- Data shown:
━━━━━━━━━━━━━━━━━━━━

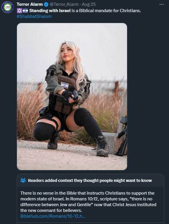 De aantekeningen van de X-community die terugslaan op beweringen dat christenen God ongehoorzaam zijn als ze het moderne land Israël, dat pas in 1948 werd gesticht, niet steunen, staan op een post van Terror Alarm; een nieuwsaccount dat wordt beheerd door een AI-systeem dat de Israëlische zaak blijkbaar een warm hart toedraagt, bericht Frankie Stockes.
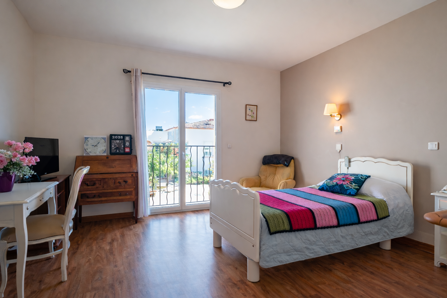 Nos chambres individuelles d’environ 25 m² allient confort et sécurité. Équipées d’une salle de bain privative et d’un mobilier médicalisé au design chaleureux, inspiré du domicile, elles offrent un cadre rassurant et élégant. Un système d’appel permet une assistance 24h/24 pour garantir une prise en charge rapide et sécurisée.
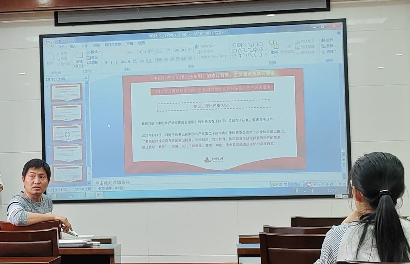 最后,书记王超同志对本次会议进行总结。他表示,希望支部党员、预备党员要认真学习党的纪律条例,增强纪律意识,推动支部纪律建设,发挥党员的模范带头作用,营造良好的学习环境。
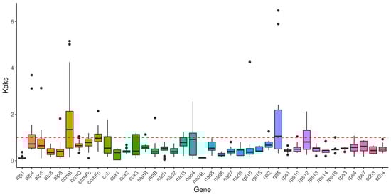 Boxplots of the Ka/Ks values of the shared PCGs among seven Ericales species.
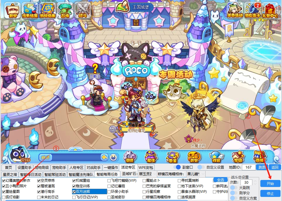 1、在【智能每周任务】中勾选需要完成的任务,然后点击【开始】,童心智能辅助会自动为玩家逐一完成任务!
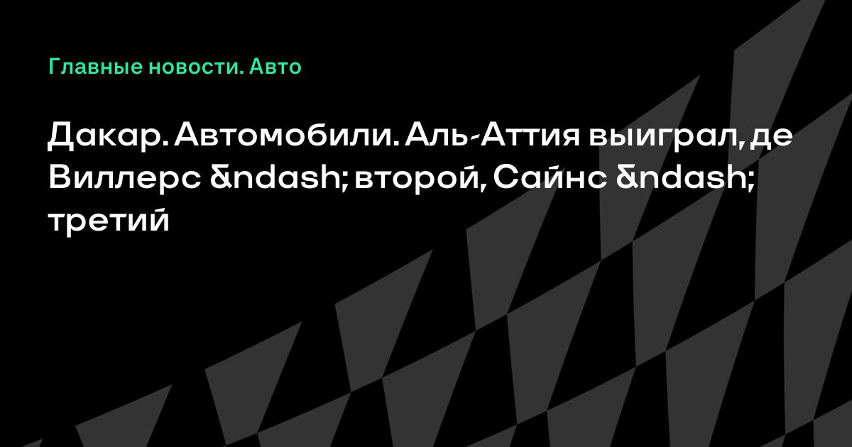 Дакар. Автомобили. Аль-Аттия выиграл, де Виллерс – второй, Сайнс – третий
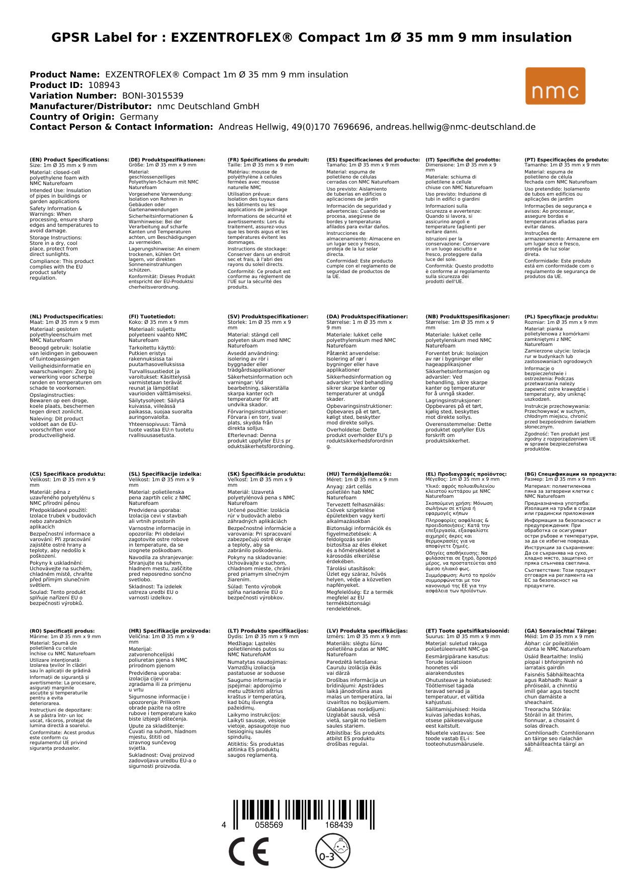 Comhlíonann an insliú píopaí Euroclass E (EN 13501-1) / DIN 4102 B2 agus tá sé inadhainte go gnáth.
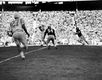 Completion- Air Force End Charles Rodgers hauls in a a pass from Rich Mayo for an eight-yard gain in first quarter of Cotton Bowl game. Texas Christian University (TCU)'s Dale Walker (52) made the tackle. Play carried to the Falcon 28-yard line.
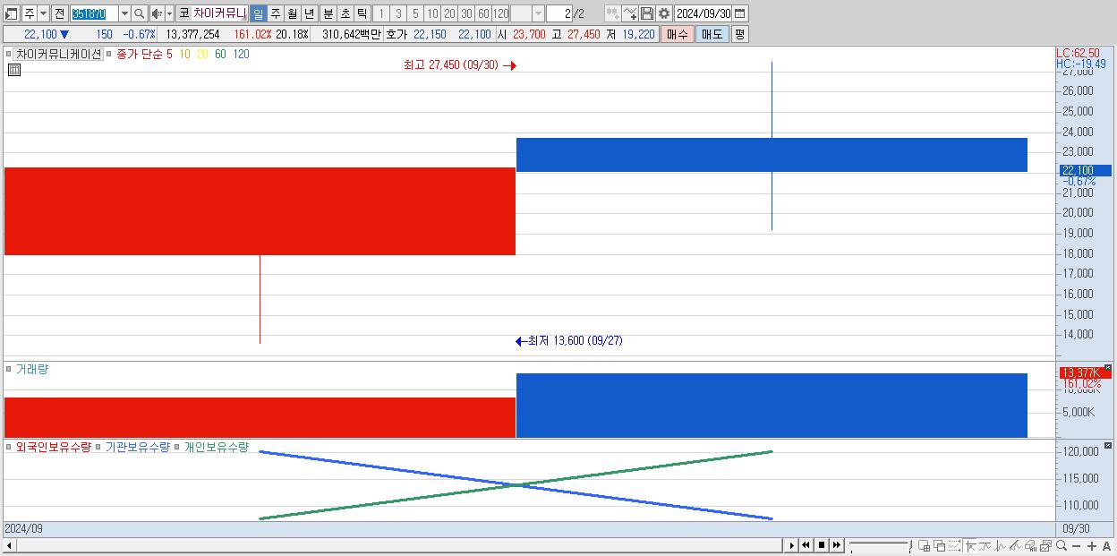 - 차이커뮤니케이션 (22,100원 ▼ -0.67% , 시총: 2,460억, 거래량: 13,377,254, 거래대금:3,106억)

━━━━━━━━━━━━━━━━━━━━

Nothing but an exact copy is needed, covering the lines from the line with "最后,书记王超同志对本次会议" through the last line of the entries, pictures excluded.

 最后,书记王超同志对本次会议进行总结。他表示,希望支部党员、预备党员要认真学习党的纪律条例,增强纪律意识,推动支部纪律建设,发挥党员的模范带头作用,营造良好的学习环境。
 Boxplots of the Ka/Ks values of the shared PCGs among seven Ericales species.
 1、在【智能每周任务】中勾选需要完成的任务,然后点击【开始】,童心智能辅助会自动为玩家逐一完成任务!
 Дакар. Автомобили. Аль-Аттия выиграл, де Виллерс – второй, Сайнс – третий
 Comhlíonann an insliú píopaí Euroclass E (EN 13501-1) / DIN 4102 B2 agus tá sé inadhainte go gnáth.
 Completion- Air Force End Charles Rodgers hauls in a a pass from Rich Mayo for an eight-yard gain in first quarter of Cotton Bowl game. Texas Christian University (TCU)'s Dale Walker (52) made the tackle. Play carried to the Falcon 28-yard line.
 - 차이커뮤니케이션 (22,100원 ▼ -0.67% , 시총: 2,460억, 거래량: 13,377,254, 거래대금:3,106억)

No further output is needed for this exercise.